What a crock of poop this thread is turning into.

When I was 17 I kissed my girlfriend's pal at a party. I'm so glad I've got that off my chest now. Hopefully I start to feel "clean" the shame has been killing me!
		
Click to expand...

Perhaps next year we can have 2 Masters threads, one for people who just want to bitch about whether or not the tournament should be a major in the runup and bicker about the winner in the aftermath, and one for people actually interested in the golf.


----------



## Hoganman1 (Apr 28, 2019)

I remember coming to this site several months ago to get away from the negative comments on the other golf sites. My apologies, but apparently I brought the negativity with me. 
Now let's move on.
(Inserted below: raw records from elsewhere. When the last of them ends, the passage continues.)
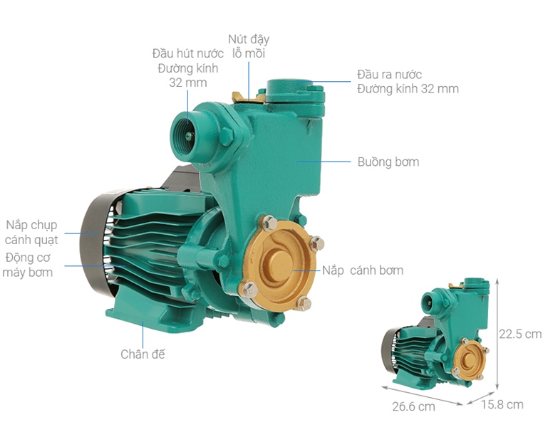 · Tiện ích | Tự động ngắt điện khi nhiệt độ bơm quá cao, tăng độ an toàn chống cháy nổ Rơ-le bạc bền hơn Hút và đẩy nước mạnh mẽ. Trục bằng Inox |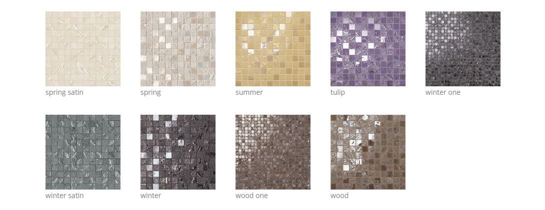 Gli smalti cangianti e gli elementi vetrosi dei mosaici Four Seasons impreziosiscono ogni superficie e ogni ambiente della casa, creando scenografici riflessi e giochi di luce. L'ampia gamma di tonalità cromatiche proposte, si abbinano a tutti i rivestimenti e ai pavimenti delle nostre collezioni, esaltando le superfici lucide e creando un gradevole contrasto con quelle satinate. La gamma colore è molto ampia e affianca ai colori neutri e naturali, colori più vivaci e decisi. E’ proposto con due diverse finiture di superficie (lucida e Satin) ed è fornito su rete assemblato su fogli di cm 30x30. Nel 2014, alla tradizionale tessera formato 2,3x2,3 cm, è stata affiancata la versione One con tessera ancora più preziosa di 1x1 cm. Four Seasons, essendo assemblato su rete e data la piccola dimensione della tessera, può essere utilizzato anche per rivestire superfici leggermente curve.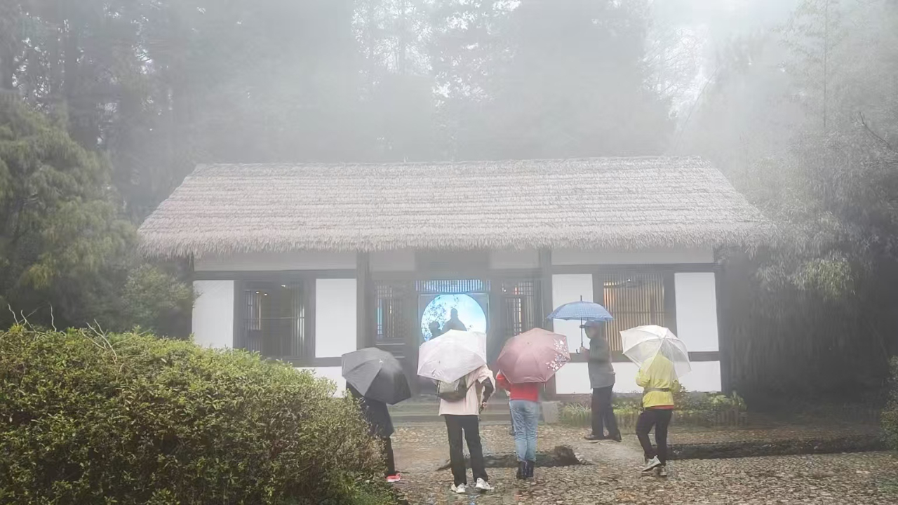 草堂前,游人如织。站在这里,恍惚间有种穿越感:千年前的那个江州司马,是否也曾在这片烟雨中驻足?看同样的湖,看同样的花。雨雾迷蒙间,时间仿佛失去了刻度——我们与白居易之间,不过隔着一场未停的雨。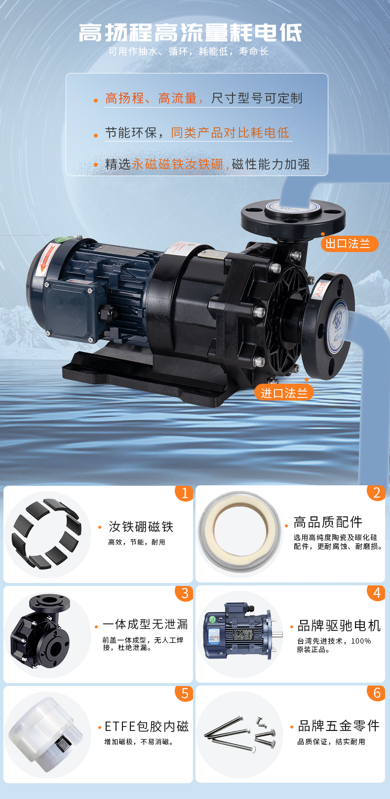 1、泵浦采用優質CFRPP/PVDF/ETFE原生材料; 2、高純度陶瓷及碳化硅軸承、軸芯; 3、耐腐蝕、耐磨損、耐熱沖擊; 4、超大流量,流量可達1100L/MIN; 適用于:蝕刻液、電鍍液、電泳液、污水提升、輸送、噴淋等。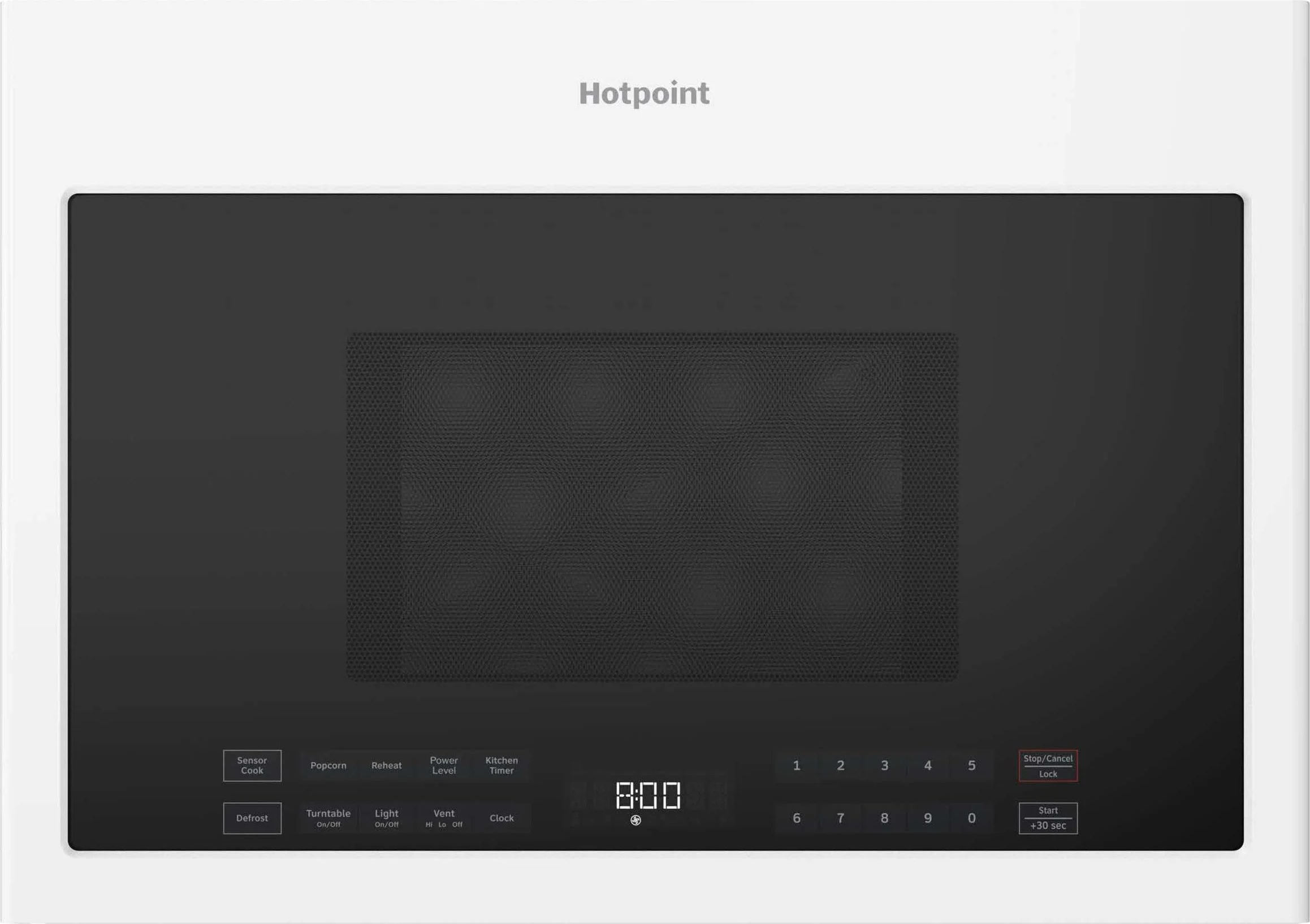 Add 30 Seconds Clock Control Lock Defrost: Weight/Time Kitchen Timer Light Off/On Popcorn Power Level Sensor Cook Sensor Reheat Start/Stop Turntable On/Off Vent Lo-Hi-Off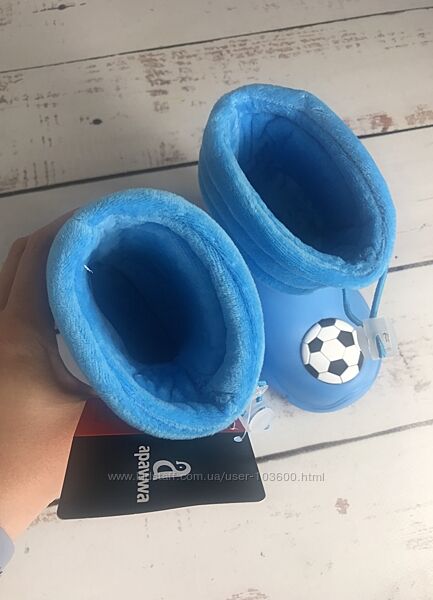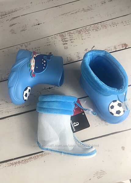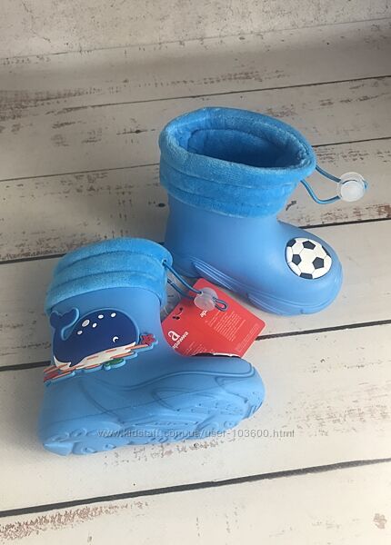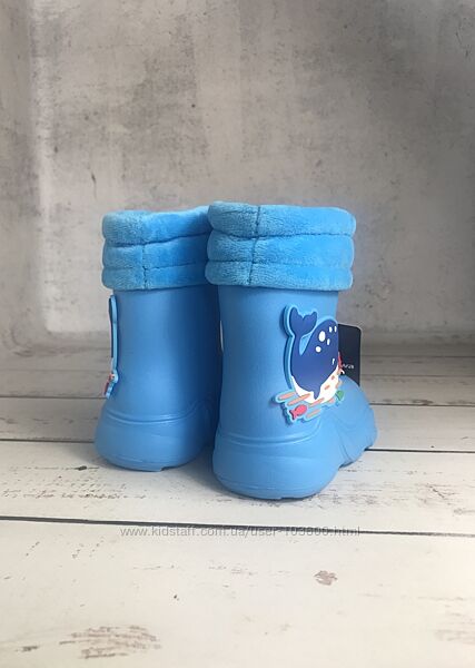 Створені з водонепроникного та невагомого матеріалу EVA (етіленвінілацетат), який візуально нагадує спінену гуму, відомого своєю еластичністю та м’якістю, а головне який добре підлаштовується під форму стопиВсередині приємний на дотик флісовий знімний валяночок з гумовою утяжкою, щоб ноги дитини перебували завжди в сухості і не набрали воду через верх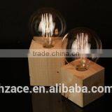 Wooden Table Lamps With Textile Cable and Extra Large Vintage Edison Bulb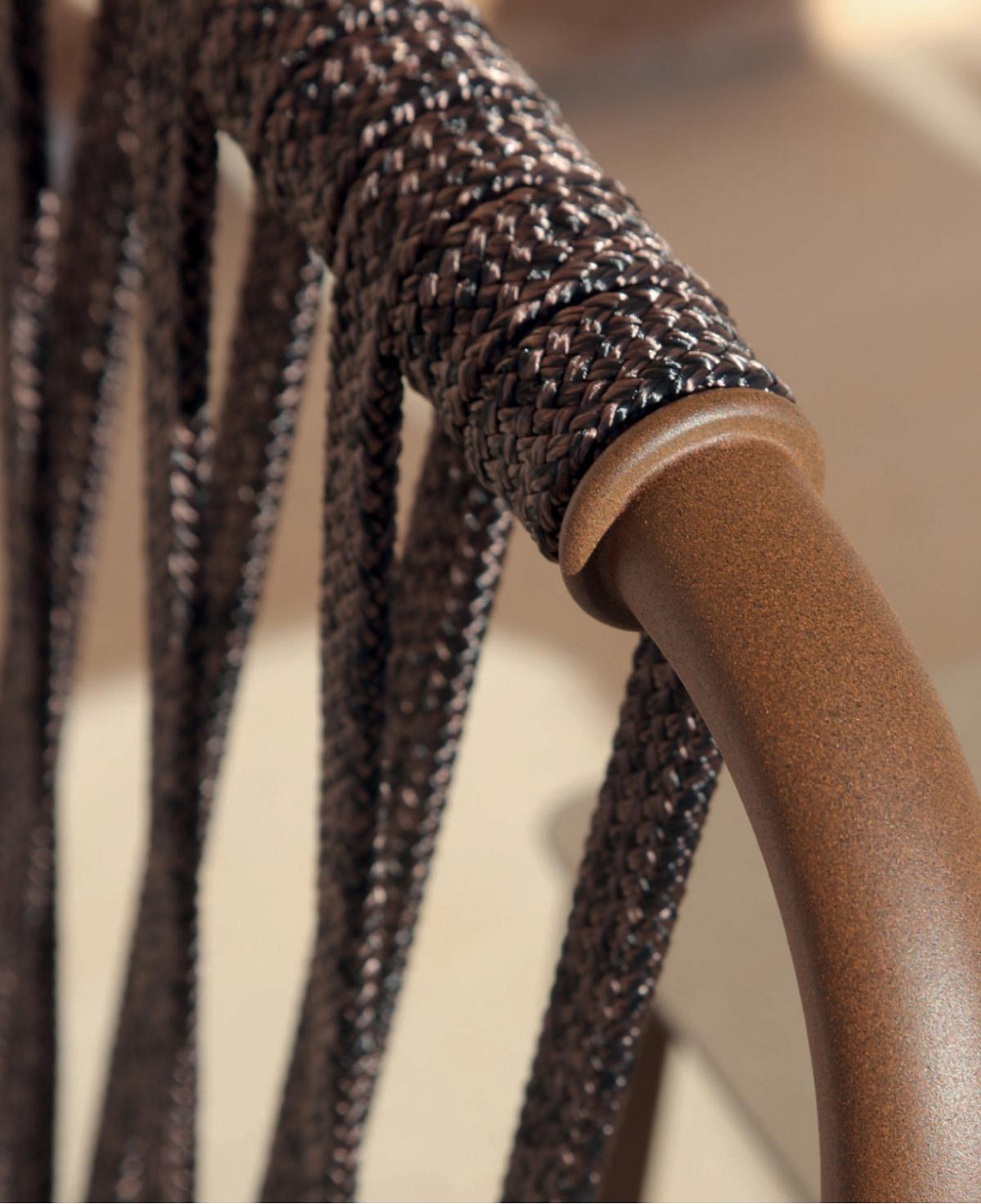 Кресло ручной работы из трубы из нержавеющей стали с полиэфирным порошком. Отделка ручной работы с высокопрочной веревкой шириной 24 мм/0,94 дюйма.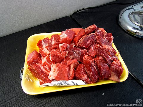 가장 먼저 고기를 준비합니다.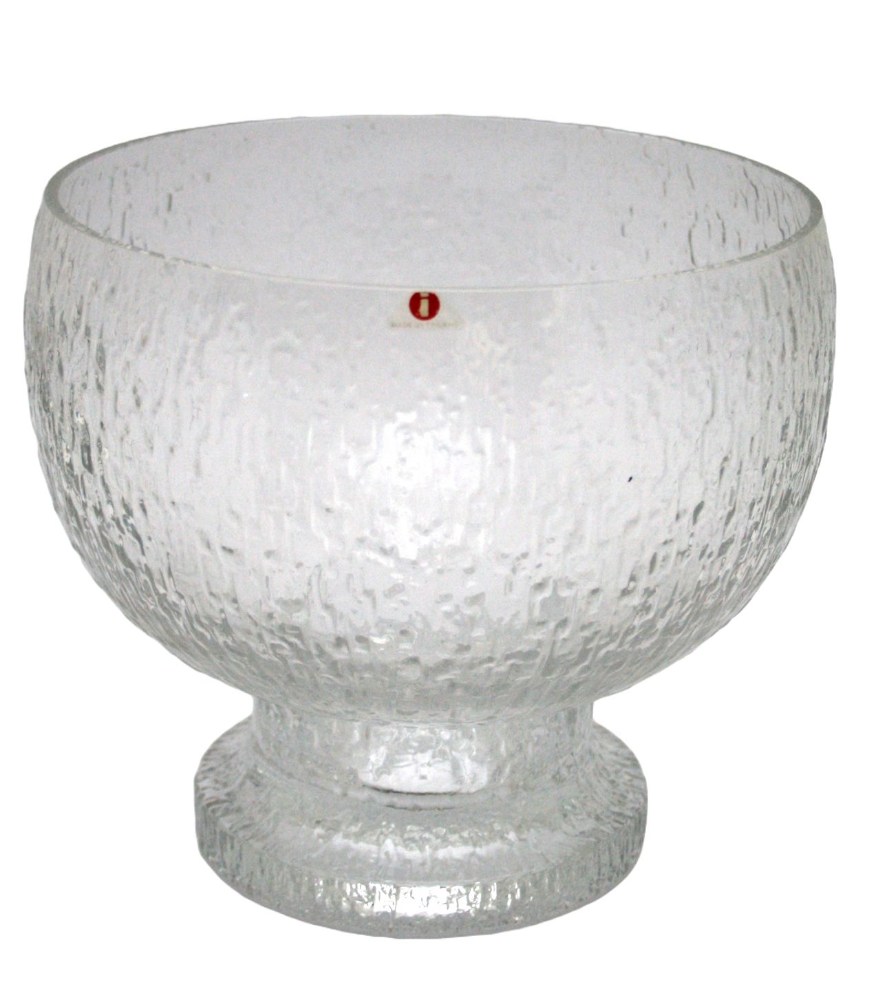 Iittala, Finland, Kekkerit, Stor frugtskål på fod. Designet af Timo Sarpaneva. Højde 17 cm. Øverste diameter 19 cm. Pris: 325 kr. stk. Lager: 1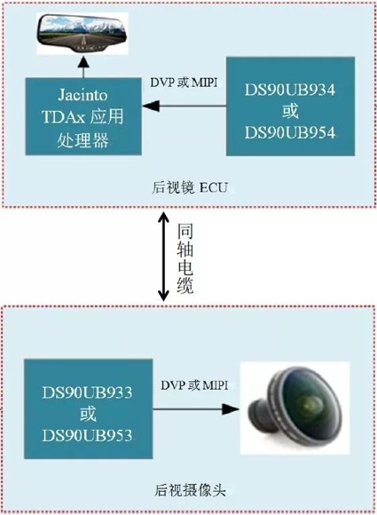 從車輛后方來看,成像器的視頻數據輸入到TI的DS90UB933并行接口串行器或具有攝像串行接口(CSI)-2的DS90UB953串行器。然后將這些數據通過平板顯示器(FPD)-Link III同軸電纜串行到DS90UB934或DS90UB954解串器,然后輸出到應用處理器進行視頻處理(例如JacintoTM TDAx處理器),然后顯示在后視鏡顯示屏上。如果顯示屏遠離Jacinto應用處理器,則需要顯示接口串行器和解串器將數據通過同軸電纜再次路由。您可以分別使用DS90UB921和DS90UB922紅綠藍(RGB)格式串行器和解串器,或者,如果您要應用更高分辨率的顯示屏,則可以使用DS90UB947和DS90UB948開路低壓差分信號顯示接口(LDI)器件。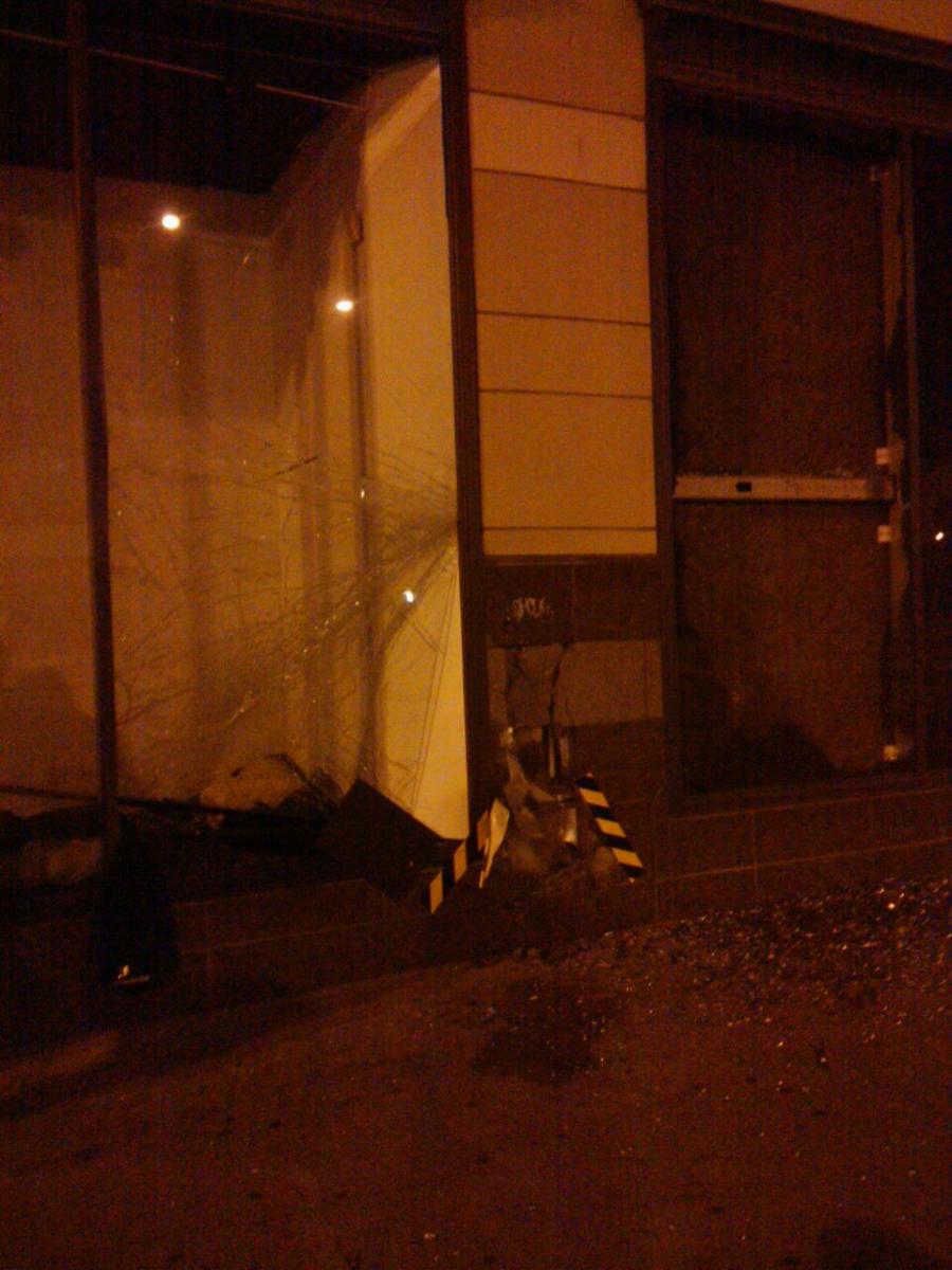 Protesters ignite several trash fires throughout downtown Oakland, as police in riot gear move in near Broadway and Grand Avenue. By Oakland Voices correspondent Dawneka Akins.Many downtown businesses, including this Sears at 20th Street and Broadway, had their storefronts broken during tonight's protests and looting. By Oakland Voices correspondent Dawneka Akins.

I sincerely hope most of my European friends enjoyed the Masters. I was actually pulling for Molinari to win, but was glad I got to witness a little bit of golf history.
Here's hoping all of you "across the pond" will watch and support The Wells Fargo Championship here in my home city of Charlotte. I was fortunate in that I was watching on 18 when Rory won by shooting 62 in the final round for his first PGA Tour win in 2010. Also, I was there for his third round 61 which led to another win in 2015. Here's hoping he can bounce back from a lackluster performance at Augusta to get the "hat trick" here at Quail Hollow.


----------